In Deutschland haben je nach Untersuchung 45 bis 75 % der Hauskatzen Antikörper gegen Toxoplasma gondii. Diese Zahl zeigt jedoch nur, dass die Katzen einmal in ihrem Leben eine Infektion erlebten und damit Oozysten ausschieden. Letzteres geschieht jedoch im Allgemeinen nur bei der Erstinfektion für eine Dauer von bis zu 21 Tagen in Abhängigkeit vom Immunstatus. Nur etwa 1 bis 2 % der Katzen sind Ausscheider von Toxoplasmen-Oozysten, vor allem erstinfizierte Jungtiere. Für die Infektion der Katzen im Endwirt-Zwischenwirt-Zyklus sind vor allem Nagetiere von Bedeutung, von denen in Deutschland etwa 0,1 bis 0,4 % Bradyzoiten tragen.
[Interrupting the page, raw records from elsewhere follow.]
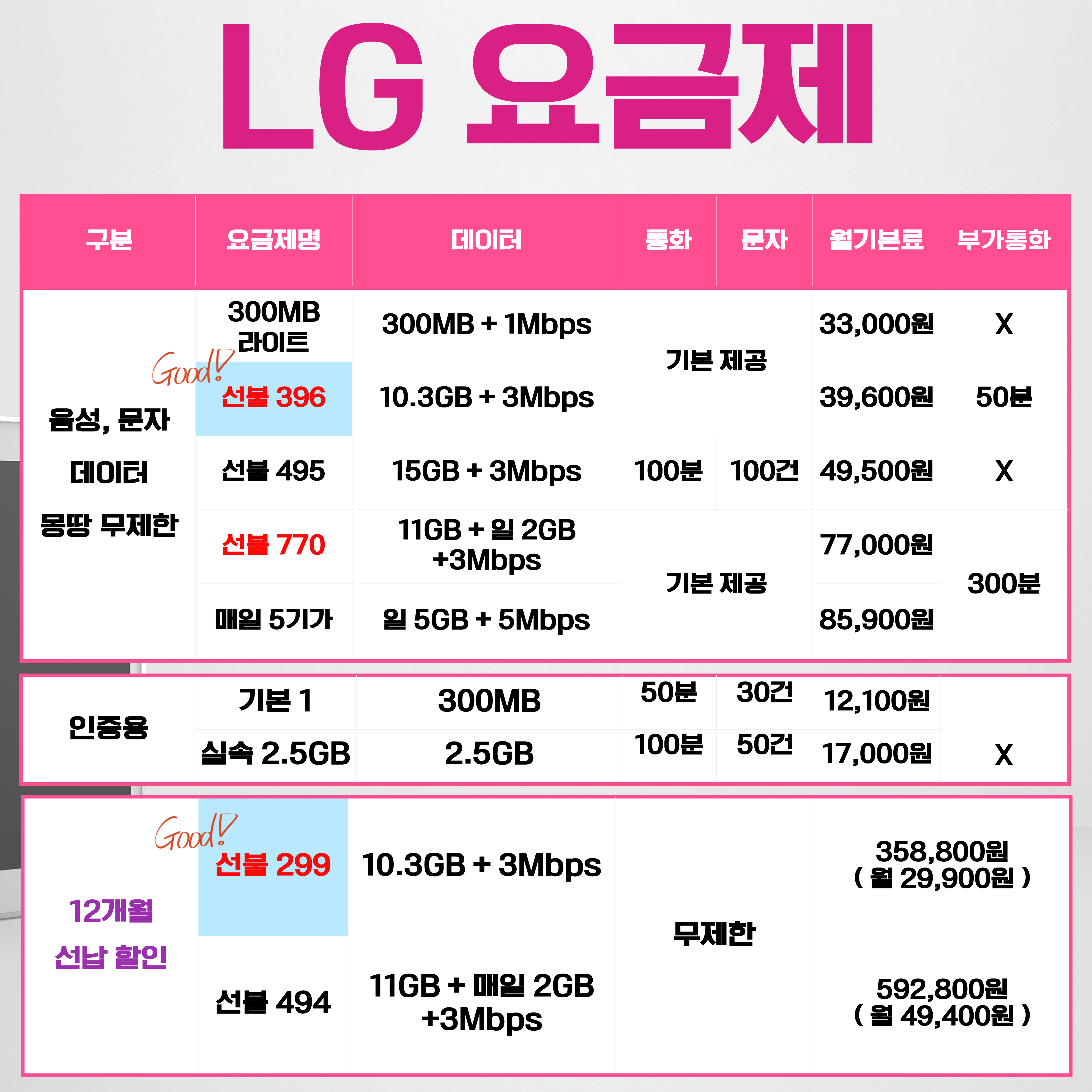 LTE396 39,600원 10.3GB 후 3Mbps 요금제 변경 시 300MB 제공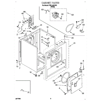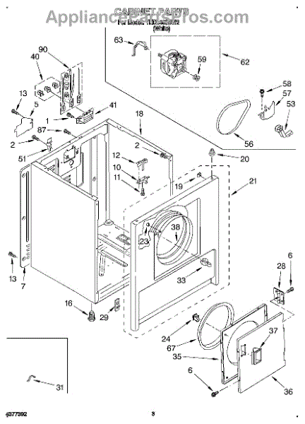 Fits all Whirlpool-made dryers (Whirlpool, Kenmore with prefix 110, Roper, KitchenAid, and Estate). Matching belt 341241 and rear support rollers 349241T. Whirlpool dryer repair manual 677818L.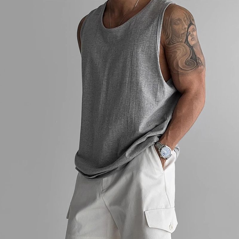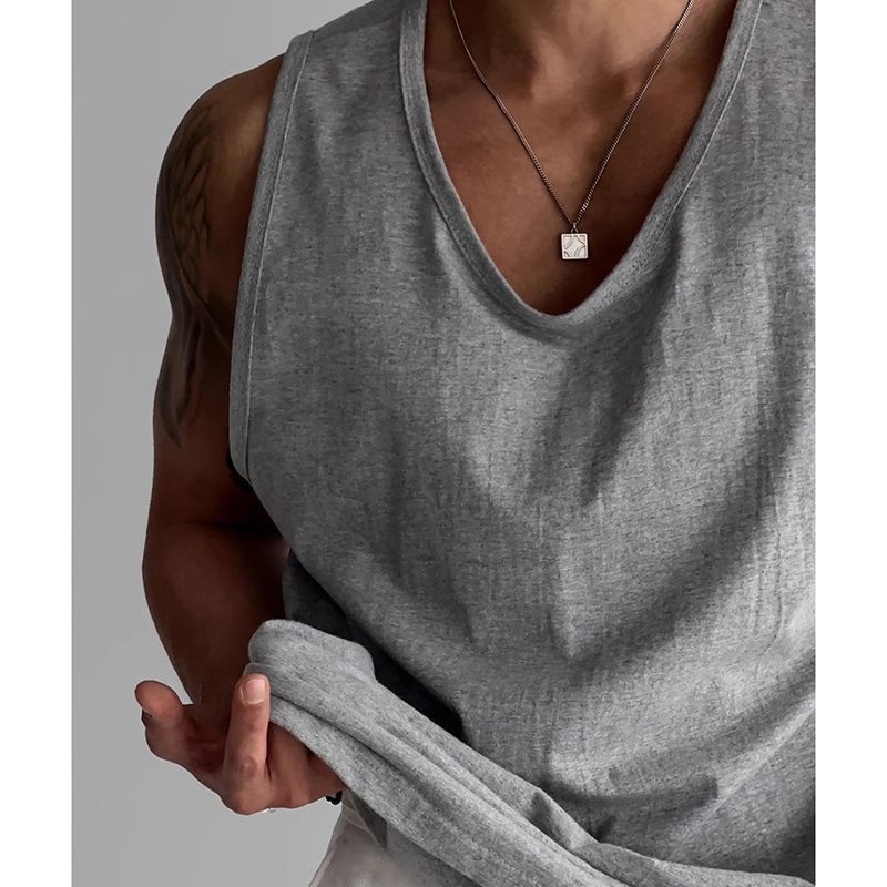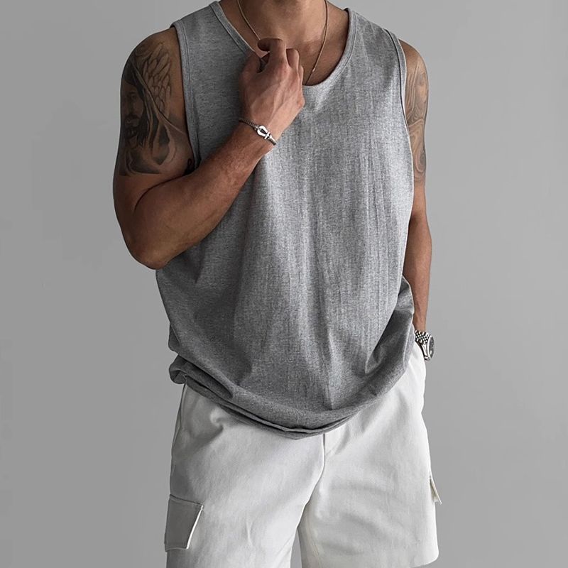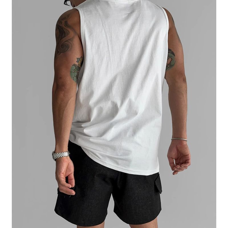 纯棉2025新款 男款 运动健身吸汗夏季 打底汗衫 无袖 猫人宽肩背心男士

Um die Infektion von Zwischenwirten zu verhindern, muss der Eintrag von Oozysten in die Umwelt möglichst gering gehalten werden. Katzen sollten keinen Zugang zu Schweine- oder Schafställen erhalten (das Fleisch dieser Tiere ist die häufigste Infektionsquelle für den Menschen). Katzenkot sollte stets unschädlich beseitigt werden, zumindest für Wohnungskatzen lässt sich dies realisieren. Ausläufe in größeren Katzenhaltungen sollten regelmäßig mit Dampfstrahlern gereinigt werden, nahezu alle handelsüblichen Desinfektionsmittel sind gegen die Oozysten wirkungslos.

Die wichtigste prophylaktische Maßnahme für Katzen ist die Verfütterung von ausschließlich erhitztem oder längere Zeit durchgefrorenem Fleisch zur Unterbrechung des Endwirt-Zwischenwirt-Zyklus oder die ausschließliche Verwendung von Fertigfutter, was insbesondere bei reinen Wohnungskatzen die Infektionsgefahr äußerst gering werden lässt. Bei Freigängern ist durch die Aufnahme von Nagetieren aber kein wirksamer Infektionsschutz möglich. Ein Impfstoff für Katzen zur Toxoplasmoseprophylaxe ist in Entwicklung.